All accredited MSW programs require at least 900 hours of supervised field work in established agencies. Following foundation coursework in the first year, regular MSW students usually choose between direct work with individuals, families, and groups or organizing, managing, planning and policy analysis work with social agencies. Students are also required to specialize in a problem area, such as mental health, employee assistance, aging, health care, corrections, and child welfare.

Masters of social work programs can vary a lot in emphasis. Many allow students to specialize in methodology, public policy, work with different populations, etc. Some schools seek to prepare professionals for private practice in psychotherapy, others for work in public and non-profit social service agencies, and others for engaging in social planning and social change. (Needless to say, you should be very careful to choose a program that is compatible with your career goals.) A few schools also allow students to seek joint degrees such as the joint MSW/JD, or joint MSW with another masters degree in a health-related profession.

There is no undergraduate major or minor required for an MSW. However, solid grounding in the social and behavioral sciences (psychology, sociology, anthropology, political science, economics, ethnic studies, urban studies, health care/social issues, etc.) is important.
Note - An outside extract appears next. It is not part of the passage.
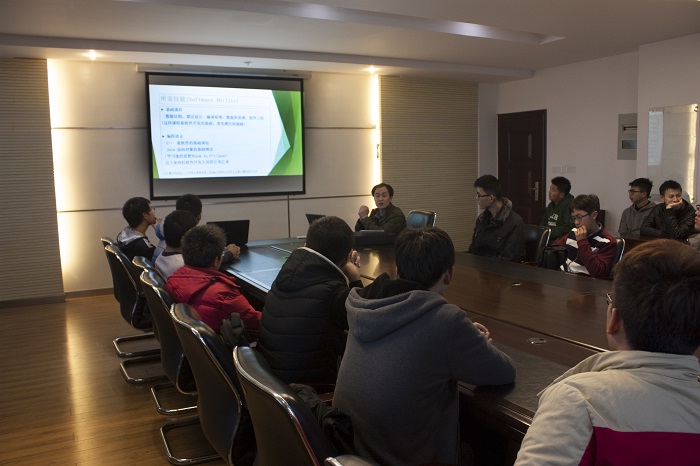 讲座上,马老师对从事计算机行业的所需技能、发展方向和目前趋势进行了详细的分析。他强调:打好基础是软件开发的关键。掌握一门基础的课程,如:数据结构、算法设计、编译原理等,是深入学习的前提。学会一门编程语言有利于对程序基础理论的理解,从而体会到一种语言的内涵与思想,而不是机械的模仿。他建议在场同学再学会一门可视化的简单语言,辅助开发。他还指出,大学生应努力获取机关单位的认证,认证书是正规的知识来源,是经过理论、实践、时间与市场考验的产品。
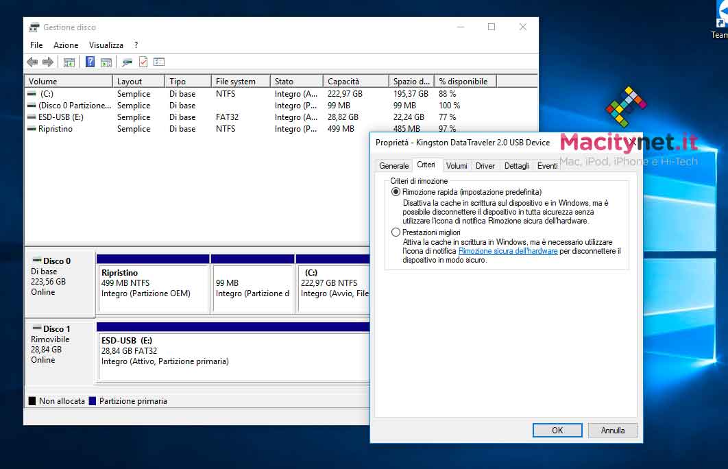 Finora le policy di sistema attive per default al collegamento di un dispositivo USB erano impostate su “Prestazioni migliori”. Questo criterio consente di gestire le operazioni di archiviazione con modalità che nel complesso migliorano le prestazioni.

Some programs require successful completion of a course in statistics and human or general biology. Admission requirements include official transcripts of all post-secondary-school course work, scores from the Graduate Record Examination (GRE) General Test, an application form which may include a 1-3 page essay, and 3-4 letters of reference. Applications are typically submitted between December and March for entry the following fall, but deadlines vary. Most programs require a minimum GPA of 2.5 2.75, although the expected GPA could reach 3.0 3.5, depending on the program. GRE scores above 450 on the verbal and quantitative sections are usually expected. Many programs place a lot of emphasis on community or social service, and expect applicants to have experience in these areas before they will be admitted.

The DSW or PhD

DSW stands for "Doctorate in Social Work" and PhD stands for "Doctorate in Philosophy". There is no difference between a DSW and a PhD; some schools simply prefer one term over the other.

Doctoral degrres in social work are designed for experienced practitioners who want to further their careers by gaining training in research and policy analysis. Doctoral degrees may take between 2 and 4 years to complete (beyond the MSW). Social work practitioners who earn doctoral degrees are typically seasoned professionals who are ready to move into research and teaching. For some this means a total shift from practice into academia: these individuals become social work professors in schools or departments of social work, where research, publication, and teaching will be their primary focus. Others continue in leadership roles in agency-based or self-employed social work practice, while teaching part-time in a school or department of social work and/or collaborating on research with academic colleagues.

Much of the course work in DSW and PhD programs emphasizes qualitiative and quantitative analysis methods. Like all doctoral degrees, these degrees also require students to complete dissertations, which are usually extensive research projects that take more than a year to complete.

Docotral degrees in social work are not accredited by the CSWE. Successful applicants are expected to have very strong academic records (typically stronger than those required to be admitted to MSW programs) and some work experience.